Endeavour Mining CEO Sebastien de Montessus is our Mining Person of the Year for 2020

Sebastien de Montessus Credit: Endeavour Mining

Completing two major acquisitions in one calendar year is a significant achievement by any measure but to do so in the midst of a pandemic makes it even more remarkable – which is one of the reasons why we have chosen Endeavour Mining CEO Sebastien de Montessus as our Mining Person of the Year for 2020.

Last March – just as Covid-19 started turning the world upside down – Endeavour announced the friendly acquisition of Semafo in an all-share deal valued at US$716 million – adding two cornerstone mines (Boungou and Mana in Burkina Faso) to its already sizeable portfolio of mining operations in West Africa. The deal made Endeavour not only the largest gold producer in Côte d’Ivoire and Burkina Faso but the largest gold producer in all of West Africa, with more than 1 million oz. of gold production a year.

Endeavour followed that transaction with the announcement in November of the friendly acquisition of Teranga Gold in an all-share deal worth US$2 billion, which added the Sabodala-Massawa complex in Senegal, the Wahgnion mine in Burkina Faso, and two advanced assets—Golden Hill in Burkina Faso and Afema in Côte d’Ivoire. The transaction transformed Endeavour into the largest gold producer in Senegal and a new Top Ten senior gold producer with estimated annual production of 1.5 million oz. of gold across six core mines in three countries. It also meant Endeavour could meet the investment hurdles of larger funds and institutional investors.

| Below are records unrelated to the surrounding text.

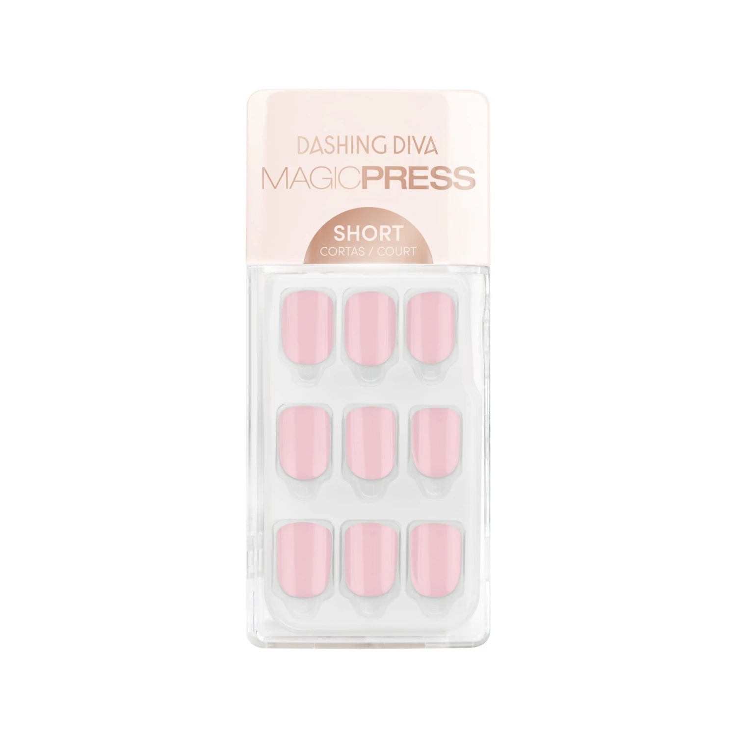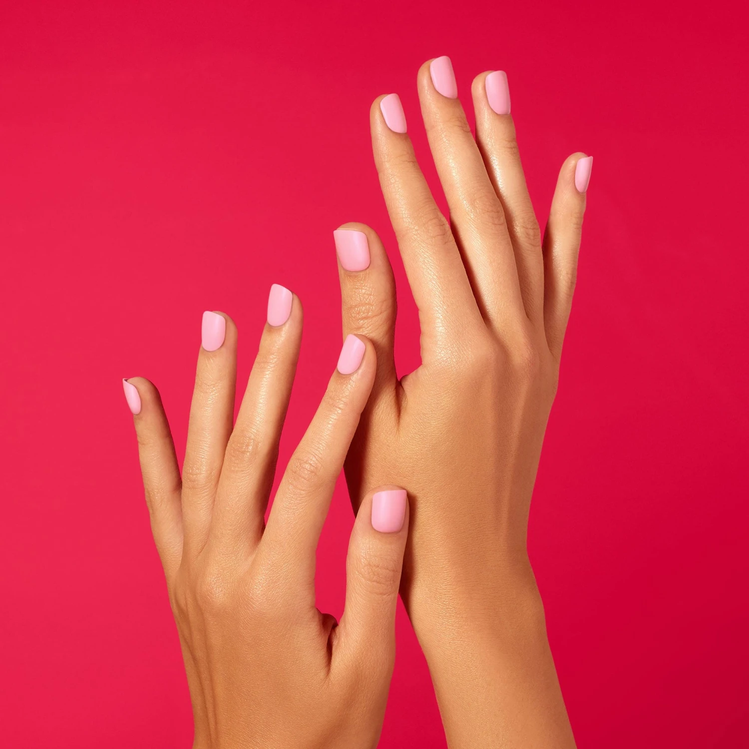 Light pink with enough intensity to ruffle some feathers. Short length, square shape, glossy finish pink press-on gel nails.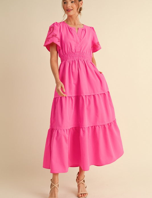 Hot Pink Embroidered Puff Sleeve Maxi Dress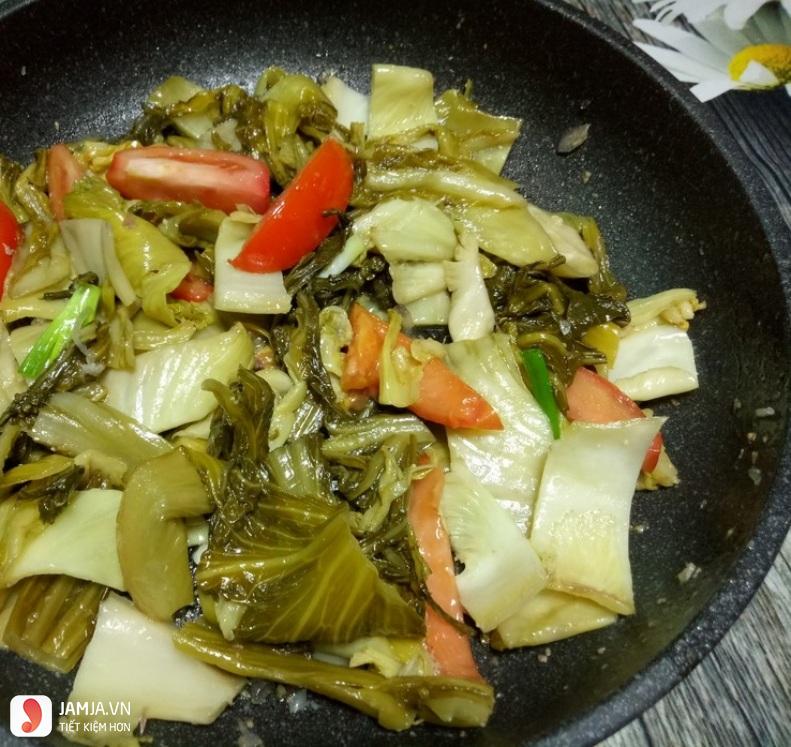 Vẫn giữ nguyên chiếc chảo đấy, bạn cho lượng dầu và hành tỏi còn lại vào phi thơm rồi cho dưa cải muối chua vào xào trong khoảng 5 phút, nêm thêm 1 thìa cà phê hạt nêm đảo đều. Sau đó bạn cho cà chua vào đảo thêm 2 phút. Cuối cùng bạn cho lòng già đã xào vào, thêm bột ngọt, tiêu xay, ớt cay và hành lá vào đảo đều, nấu thêm 2 phút rồi tắt bếp là xong. Lưu ý, bạn không nên xào lòng già quá lâu nó sẽ bị dai đấy, khi ăn sẽ không ngon.

“You don’t always decide the timing of those things, but we saw it was the right timing and we were able to do it,” he says in a telephone interview from France. “We now have an amazing portfolio and a very strong position in West Africa and see a lot of organic growth and so I’m extremely happy with these acquisitions in what has been a very challenging year.”

Since de Montessus became Endeavour’s CEO in 2016, the company has built two mines (Hounde in Burkina Faso in 2017 and Ity CIL in Côte d’Ivoire in 2019) – and created one of the largest portfolios in West Africa with 21 million oz. of measured and indicated resources and footholds in two world-class belts: Hounde in Burkina Faso and Ity in Côte d’Ivoire. On the exploration front, Endeavour’s team under his leadership has discovered 8.5 million oz. gold at an average discovery cost to date of about US$12 per oz., which the company says is six times lower than its West African peers.

In 2020 Endeavour spent US$44 million on exploration across all of its assets drilling more than 73,000 metres at Hounde with 11 rigs; over 85,000 metres at Ity (eight rigs) and another 75,000 metres at its Fetekro greenfield discovery in Côte d’Ivoire; along with 4,000 metres of underground drilling at its Mana mine in Burkina Faso. In December Endeavour increased its stake in Fetekro to 80% from 65% ahead of a prefeasibility study it expects to finish before the end of the first quarter of 2021.

The company ended 2020 with a net cash position of US$70 million after reducing its net debt by US$660 million in just 18 months, and in November declared its first-ever dividend.

De Montessus’ affinity for Africa began when he was a child. He learned to walk at eight months in Niger, and spent his first two years in the West African nation, where his father, an engineer, was working for the World Bank drilling water wells. The family then moved to Cape Town in South Africa for seven years, where his father served as a project manager on the country’s first nuclear plant.

“The first ten years of my childhood was in Africa and that’s probably why I was extremely attracted to Africa and to West Africa,” he said. “And it’s part of Endeavour’s culture, to grow local talent, giving as much chance as we can to all those brilliant local engineers to grow.”

The CEO—who turned 46 in January—spends one to two weeks in West Africa every month and says it’s critical to develop relationships with governments and host communities. It helps that Endeavour’s assets are all in the same time zone and within a two hour flight of each other. As a Frenchman and having logged more than a decade in West Africa, de Montessus also benefits from sharing the language spoken in eight countries in the region (Benin, Burkina Faso, Côte d’Ivoire, Guinea, Mali, Mauritania, Senegal, and Togo).

More importantly he understands the norms and way of life. “I’ve been extremely attached to Africa, to this continent, and to West Africa. So I think I understand the culture and I think what they do respect is because we speak the same language, I understand also that they don’t have the same notion of time,” he says. “Some of the mining companies just fly in for a meeting and then fly out and they are surprised when the president, or the prime minister or the minister of mines, is not available. It’s all a question of how much do they feel they are important to you. If it’s just one meeting in your agenda because then you have to go to New York, or to Russia, or to another jurisdiction, you just don’t give the right message and the reality is that we are hosted in those countries and in order to be admitted, and taken care of by those governments, you need to show them they are important to you and you are ready to spend time there and to try to understand them.”